This subway evangelist shuffled off the train at 125th Street. As the doors closed behind her and the car got quiet again, Matt pointed to an ad for the very popular pop psychologist Andrew Weil’s new book, Spontaneous Happiness . According to the publisher’s description, in the book Weil teaches that “true satisfaction and well-being come only from within.”

Sounds great, and not so uncouth and discourteous as our subway evangelist and her message. You can do it yourself, without all that religious stuff. But of course this also means that if you can’t do it yourself, it’s your own fault. You’ve got happiness somewhere within you and you’re just not pulling it out.

That’s an evangelistic message, too, and it’s a cruel one. That fire and brimstone lady may annoy guys in the subway, but she’s also telling them they’re not on their own, that they’ve got a friend in high places. She’s the one, bless her, who’s telling them how they can really find happiness.

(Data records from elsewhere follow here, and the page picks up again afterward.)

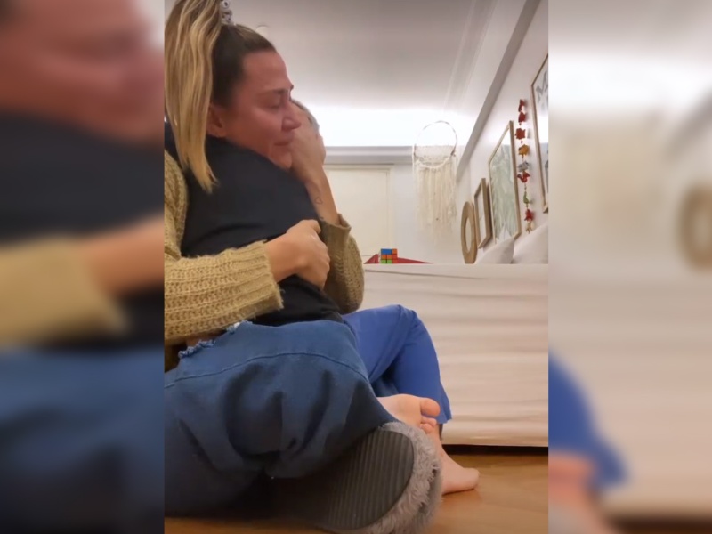 Sensibilizada y sin contener las lágrimas de emoción y de orgullo, Jimena llamó a Momo, le dio un fuerte abrazo y le agradeció por tan hermosa sorpresa.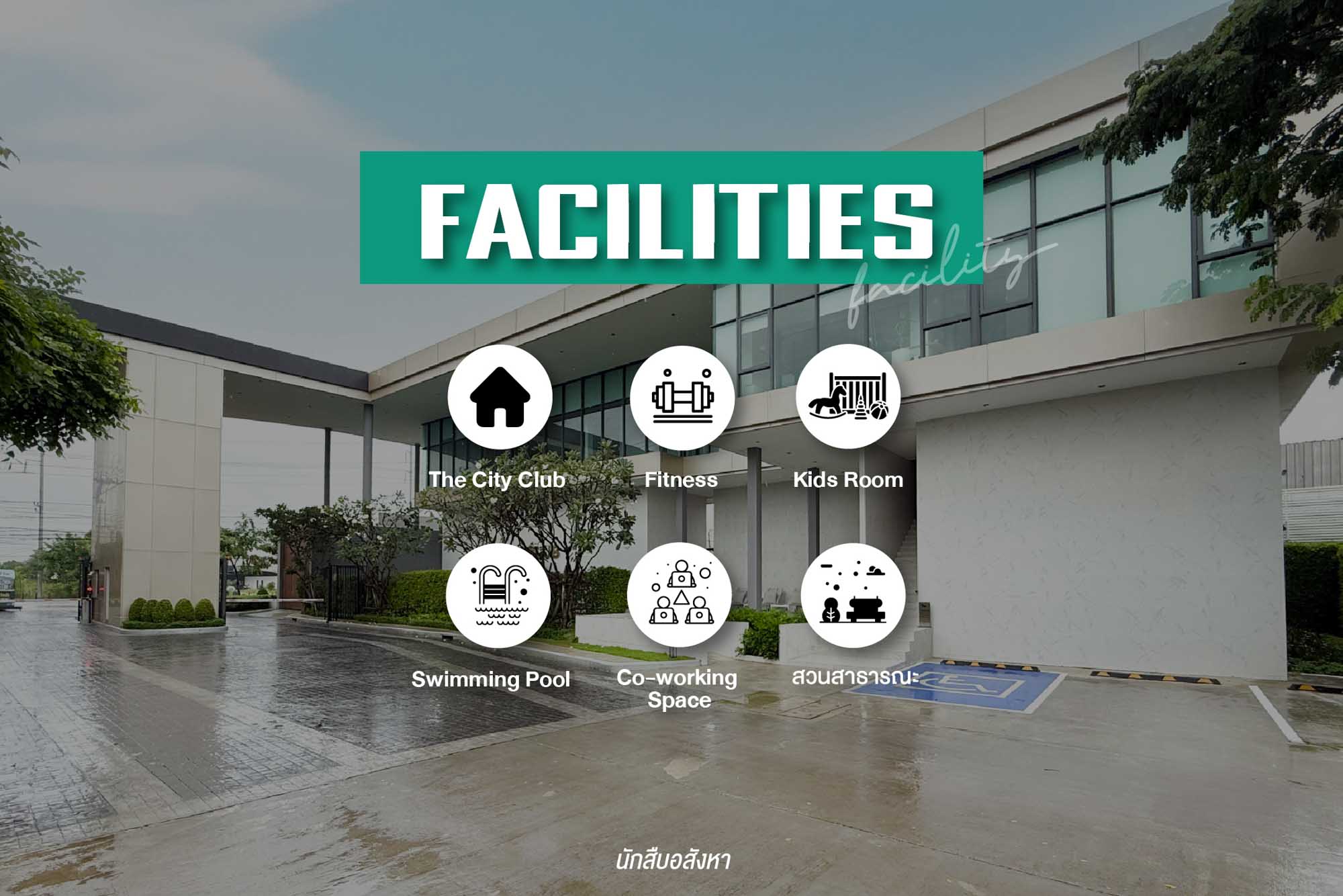 มาดูพื้นที่ส่วนกลางกันบ้าง โครงการจัดมาให้ครบทุกฟังก์ชันที่เป็นพื้นฐาน ไม่ว่าจะเป็น คลับเฮาส์, สระว่ายน้ำ, Fitness, Co-Working Space และยังมีพื้นที่สีเขียว
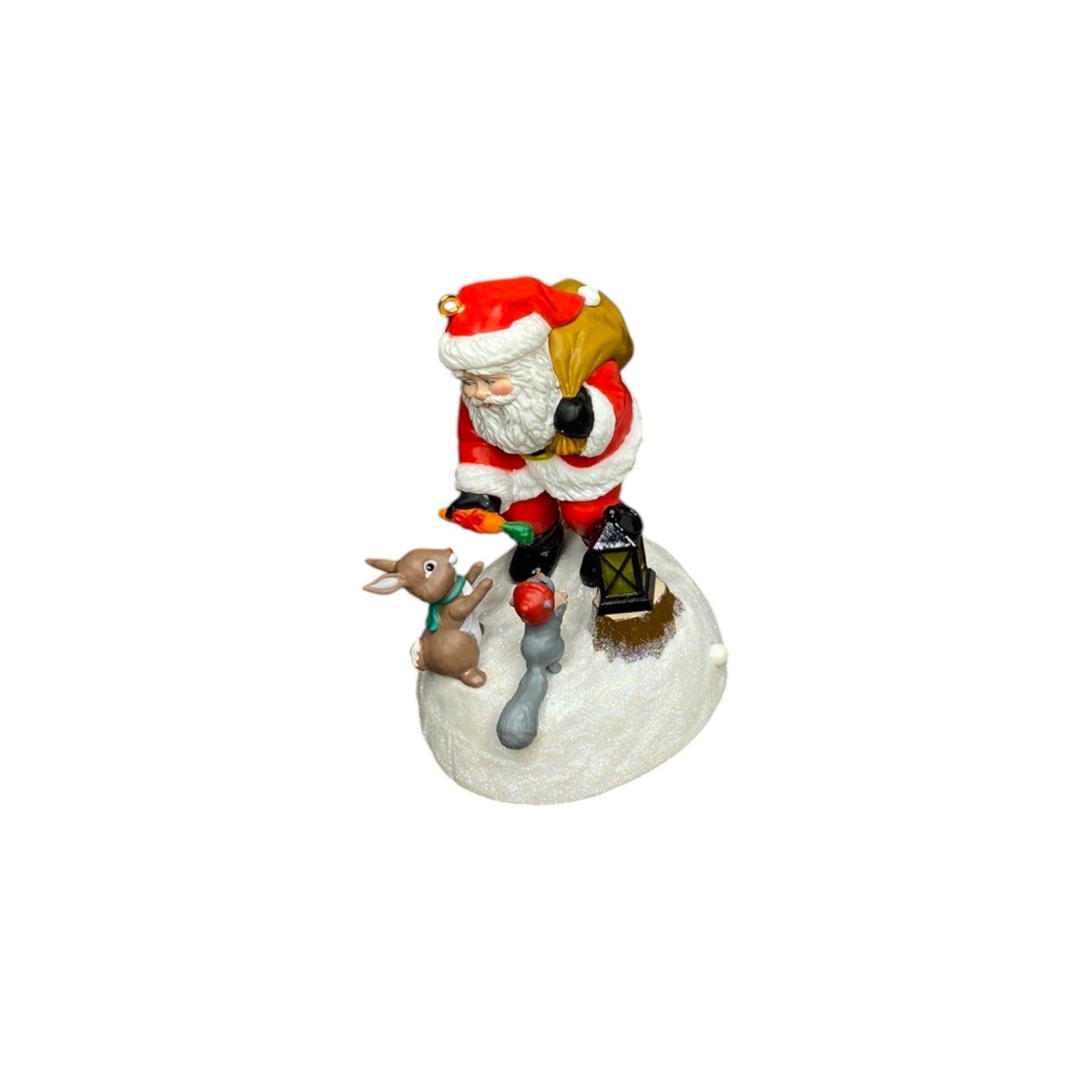 This keepsake ornament features a festive scene with Santa Claus greeting a bunny rabbit and a squirrel in a woodland-setting design. The ornament includes a lantern held by Santa which lights up and plays the music of “We Wish You a Merry Christmas” when activated. Crafted in plastic with a hand-finished look by artists Anita Marra Rogers and Gregor Benedetti, it adds both visual charm and an interactive element to a holiday collection. For collectors of light-and-sound ornaments or character-themed holiday décor, this model offers both date-marking (2022) and a collectible feature set.

• A lot of people in the cities dismiss people in small towns as rubes and hicks too slow for urban life. They’re not. “Maybe I can describe it this way,” says Don Colcord, the only pharmacist in 4000 square miles of southwestern Colorado, profiled in a recent issue of The New Yorker . When he moved from the city to a small town, one man offered to play checkers with him when no one would play chess. “I always thought it was kind of a simple game, but I accepted. And he beat me nine or ten games in a row. That’s sort of like living in a small town. It’s a simpler game, but it’s played to a higher level.”

Small towns are not, Colcord adds, as close-minded as people elsewhere”New York City, for example”think. People in small towns often learn not to judge others precisely because they know everyone so well and never know when they’re going to need each other. Colcord mentions needing the meth addict’s help getting his car out of a ditch late on a winter’s night. And he thinks people in small towns don’t gossip that much either, because everyone already knows so much about everyone else.

It may be the city where people can choose their intimates and wall themselves off from everyone else that has the vices those in the city ascribe to those in the country. We’re staying in New York, though.

• Whatever’s wrong with the Catholic Church, it’s the pope’s fault, or the bishops’ fault, or both the pope’s and the bishops’ fault, or the fault of the clergy in general. So, usually, runs the complaints Catholics make about the Church, whether they identify themselves as progressive or traditional or just plain Catholic. And there’s something to that, in a hierarchical Church. You take the job, you take the blame.

But whatever’s wrong with the Church, the clergy didn’t do it all. “Many Catholics still love the church. It’s just that we feel that the church doesn’t love us,” writes Matthew Schmalz, a blogger for the Washington Post ’s “On Faith” blog. Here it comes, we thought, the usual complaints about distant, uncaring, out-of-touch, boys’ club prelates . . . but then Schmalz says, “I would say that those who identify the hierarchy as the sole problem are replicating a very hierarchical view of Catholicism that ignores the deep dysfunction at the core of much of Catholic life in the United States. If the church is truly a family, then it’s not all about ‘Dad.’”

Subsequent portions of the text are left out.